Work instructions: When the line containing "This image features" appears in the data below, begin copying there and stop only after the line containing "HM 25s H Shaped".

Dataset content:
--- --- ---
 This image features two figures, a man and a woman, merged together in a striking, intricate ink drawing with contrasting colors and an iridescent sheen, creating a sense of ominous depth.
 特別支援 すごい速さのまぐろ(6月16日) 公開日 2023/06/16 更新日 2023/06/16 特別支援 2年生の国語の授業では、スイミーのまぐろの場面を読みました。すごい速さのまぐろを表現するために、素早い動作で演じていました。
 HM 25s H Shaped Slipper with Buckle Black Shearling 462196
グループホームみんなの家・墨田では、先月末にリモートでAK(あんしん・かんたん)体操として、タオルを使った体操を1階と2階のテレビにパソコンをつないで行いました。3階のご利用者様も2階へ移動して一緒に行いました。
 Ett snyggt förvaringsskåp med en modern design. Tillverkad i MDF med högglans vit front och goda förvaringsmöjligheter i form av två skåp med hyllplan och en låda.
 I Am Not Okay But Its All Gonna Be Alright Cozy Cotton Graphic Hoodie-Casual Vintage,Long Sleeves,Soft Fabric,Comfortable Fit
--- --- ---
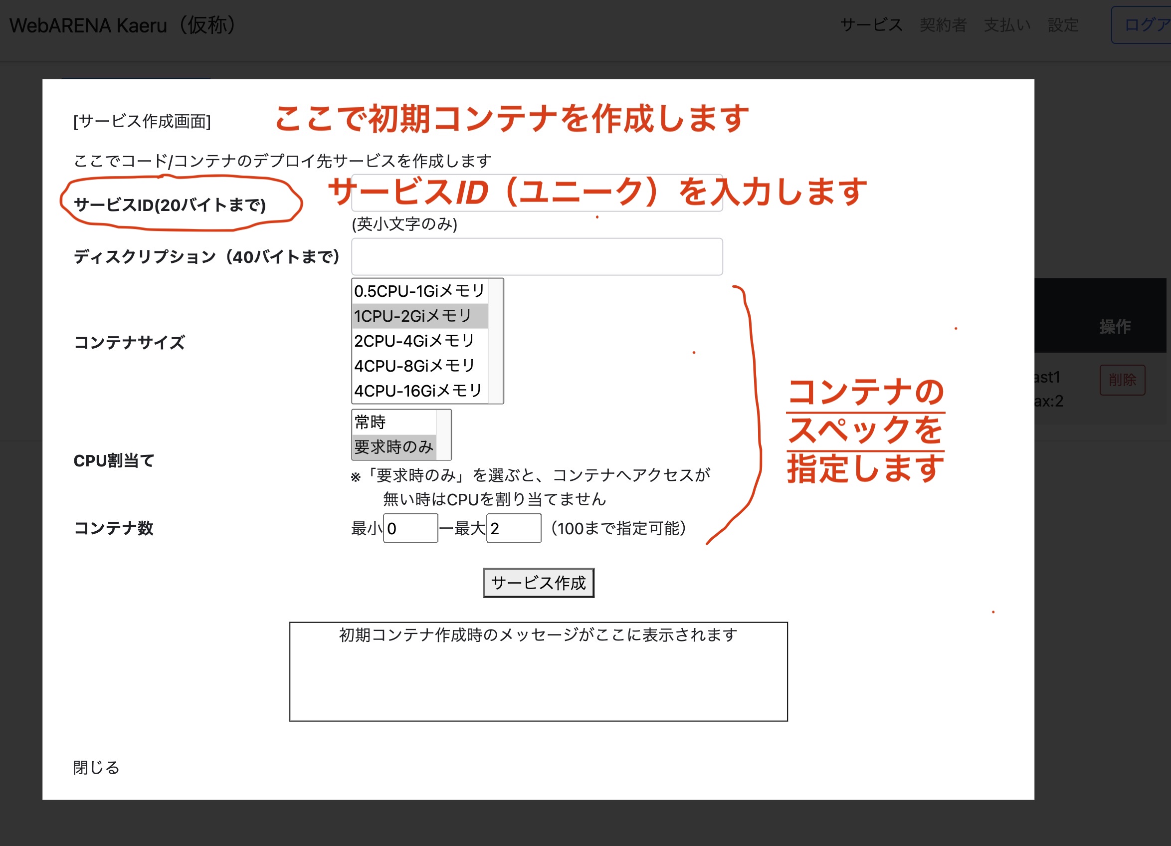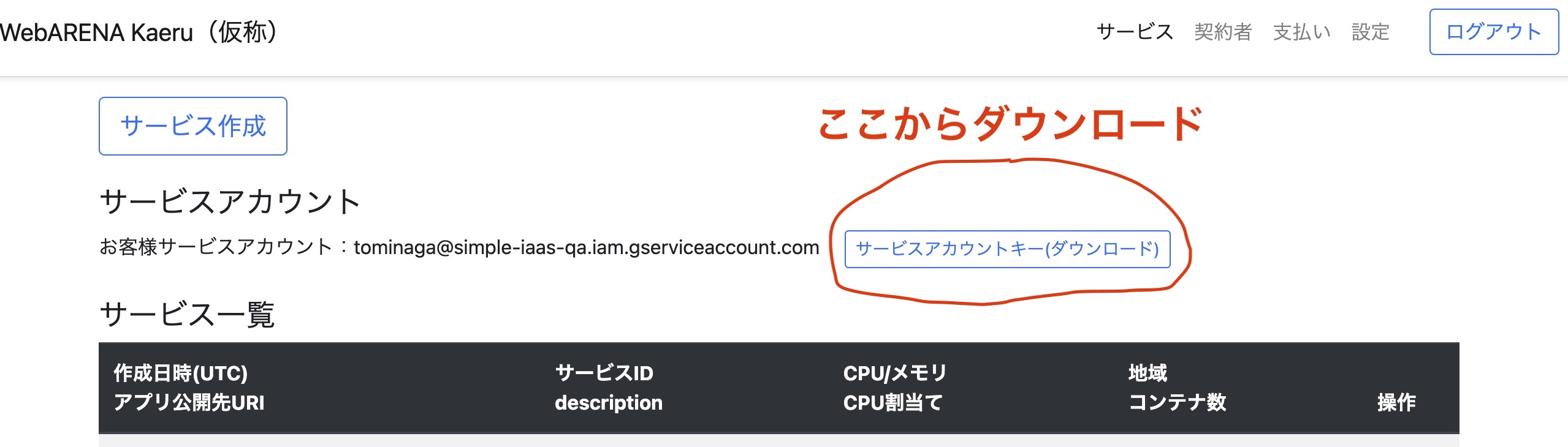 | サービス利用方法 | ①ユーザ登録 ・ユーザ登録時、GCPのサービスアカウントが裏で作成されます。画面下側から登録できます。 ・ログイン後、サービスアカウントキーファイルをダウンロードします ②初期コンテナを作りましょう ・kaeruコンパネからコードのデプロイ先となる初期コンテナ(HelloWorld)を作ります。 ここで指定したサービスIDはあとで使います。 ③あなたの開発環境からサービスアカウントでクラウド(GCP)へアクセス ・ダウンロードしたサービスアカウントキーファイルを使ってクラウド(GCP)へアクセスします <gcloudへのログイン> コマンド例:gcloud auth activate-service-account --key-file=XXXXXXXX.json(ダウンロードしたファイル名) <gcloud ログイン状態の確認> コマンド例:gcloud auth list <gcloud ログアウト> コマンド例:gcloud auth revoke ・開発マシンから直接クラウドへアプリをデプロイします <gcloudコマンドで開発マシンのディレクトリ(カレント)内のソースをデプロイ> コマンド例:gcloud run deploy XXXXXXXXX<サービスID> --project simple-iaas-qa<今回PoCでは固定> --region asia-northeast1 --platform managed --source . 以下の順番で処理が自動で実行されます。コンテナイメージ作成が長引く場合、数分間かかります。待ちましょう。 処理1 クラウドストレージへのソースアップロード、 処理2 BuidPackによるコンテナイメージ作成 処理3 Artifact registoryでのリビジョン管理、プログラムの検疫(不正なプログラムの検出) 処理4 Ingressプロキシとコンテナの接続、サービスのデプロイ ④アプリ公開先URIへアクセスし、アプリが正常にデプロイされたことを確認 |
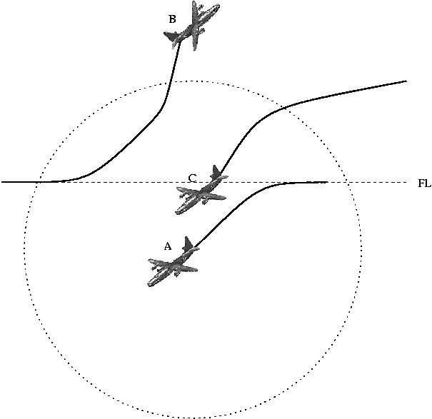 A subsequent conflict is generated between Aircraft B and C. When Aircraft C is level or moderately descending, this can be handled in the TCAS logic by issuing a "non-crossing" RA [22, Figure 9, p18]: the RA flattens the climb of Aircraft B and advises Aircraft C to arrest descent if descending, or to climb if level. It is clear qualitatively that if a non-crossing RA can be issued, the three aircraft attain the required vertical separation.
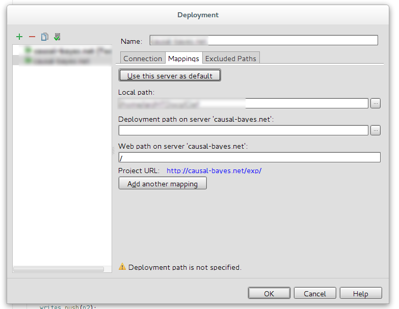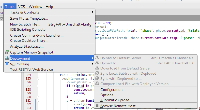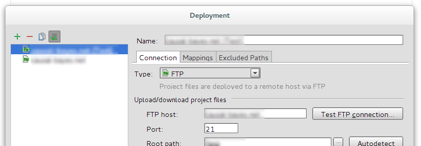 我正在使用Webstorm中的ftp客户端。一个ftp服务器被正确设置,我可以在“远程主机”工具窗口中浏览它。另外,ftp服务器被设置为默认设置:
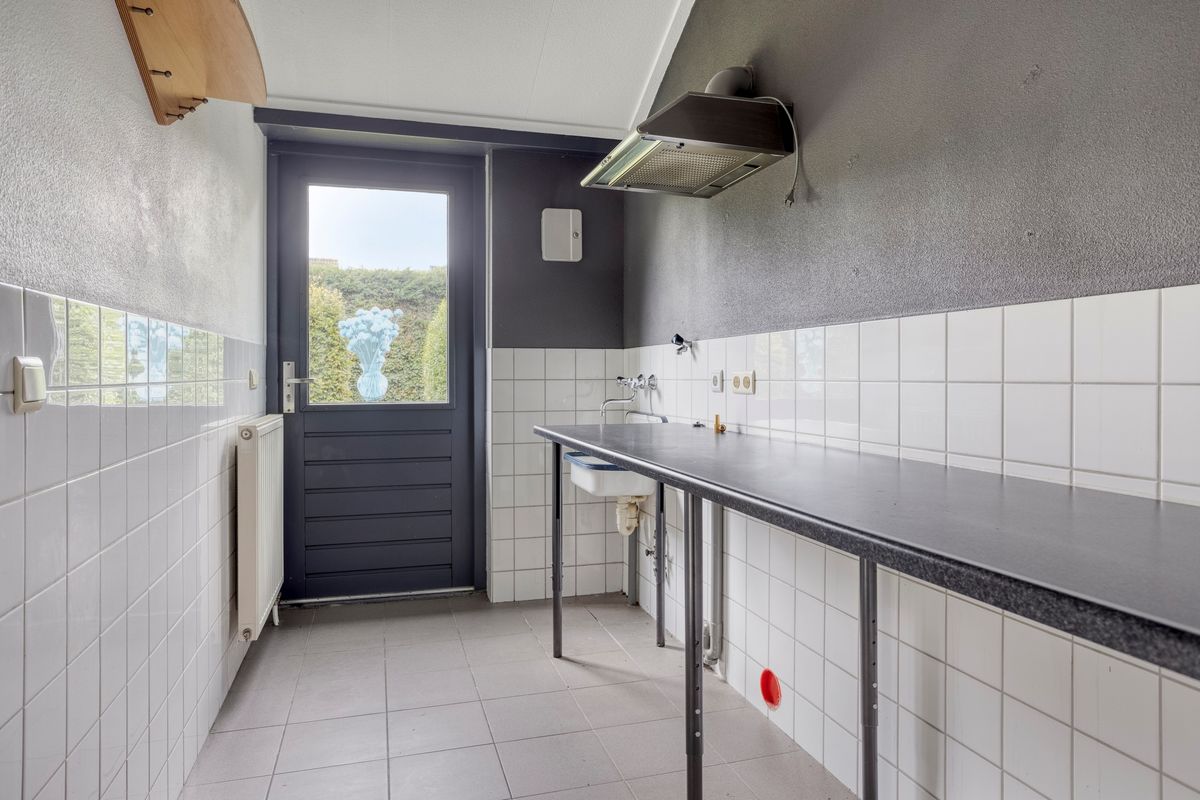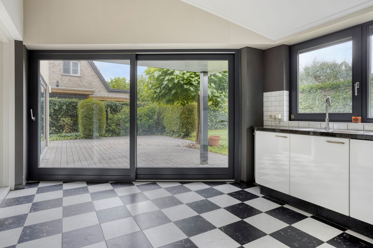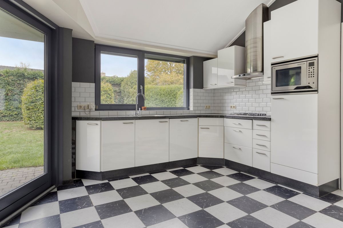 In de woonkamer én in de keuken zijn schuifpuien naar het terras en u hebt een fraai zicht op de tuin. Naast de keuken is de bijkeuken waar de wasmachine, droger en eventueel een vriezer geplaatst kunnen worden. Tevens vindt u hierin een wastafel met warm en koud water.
--- --- ---
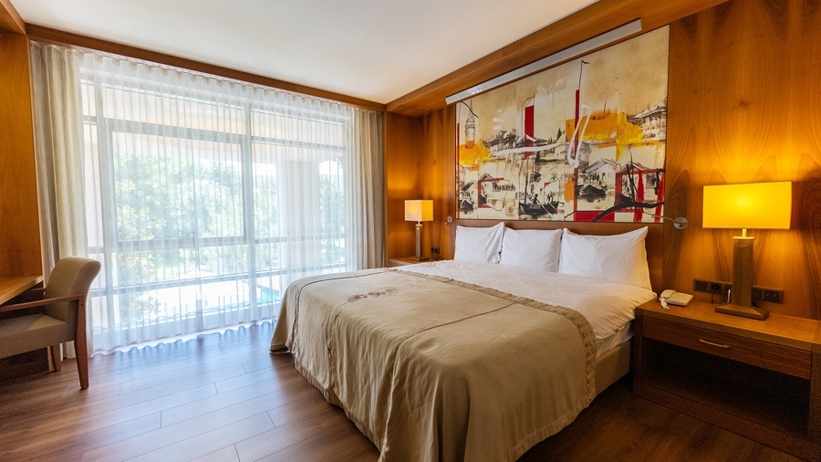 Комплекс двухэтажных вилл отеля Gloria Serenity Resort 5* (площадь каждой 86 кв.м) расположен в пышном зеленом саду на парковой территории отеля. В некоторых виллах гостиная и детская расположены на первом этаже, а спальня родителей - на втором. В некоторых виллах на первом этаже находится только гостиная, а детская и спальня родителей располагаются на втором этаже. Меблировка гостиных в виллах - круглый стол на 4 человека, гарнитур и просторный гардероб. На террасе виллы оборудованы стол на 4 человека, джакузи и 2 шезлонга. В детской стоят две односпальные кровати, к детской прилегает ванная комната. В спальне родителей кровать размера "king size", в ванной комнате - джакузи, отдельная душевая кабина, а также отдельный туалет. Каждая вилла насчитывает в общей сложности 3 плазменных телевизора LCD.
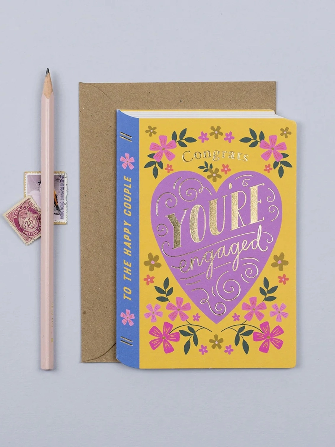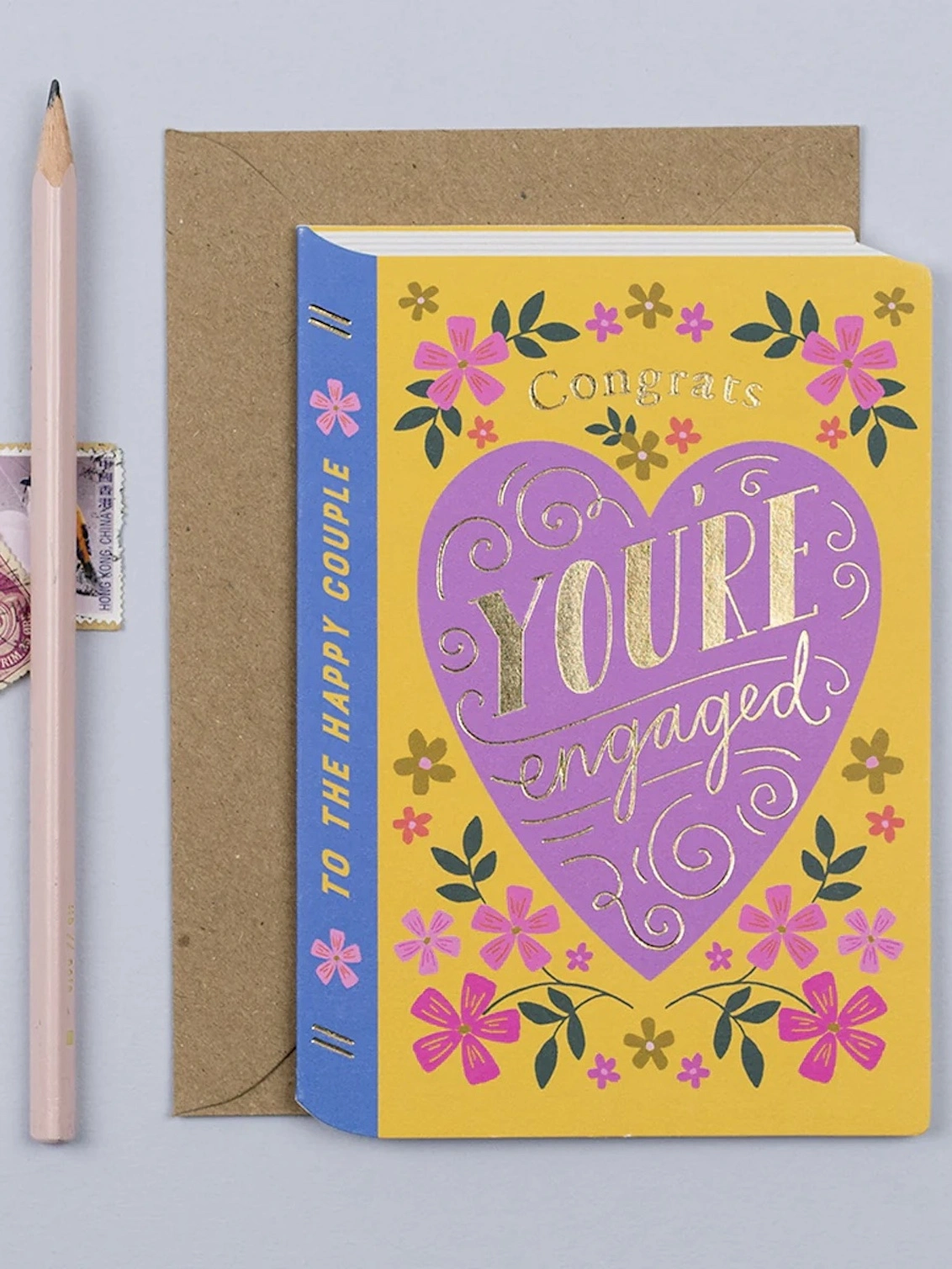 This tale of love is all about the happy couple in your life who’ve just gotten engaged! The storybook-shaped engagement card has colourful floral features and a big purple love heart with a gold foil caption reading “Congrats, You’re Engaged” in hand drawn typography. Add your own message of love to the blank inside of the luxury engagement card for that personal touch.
--- --- ---
Response:
 This image features two figures, a man and a woman, merged together in a striking, intricate ink drawing with contrasting colors and an iridescent sheen, creating a sense of ominous depth.
 特別支援 すごい速さのまぐろ(6月16日) 公開日 2023/06/16 更新日 2023/06/16 特別支援 2年生の国語の授業では、スイミーのまぐろの場面を読みました。すごい速さのまぐろを表現するために、素早い動作で演じていました。
 HM 25s H Shaped Slipper with Buckle Black Shearling 462196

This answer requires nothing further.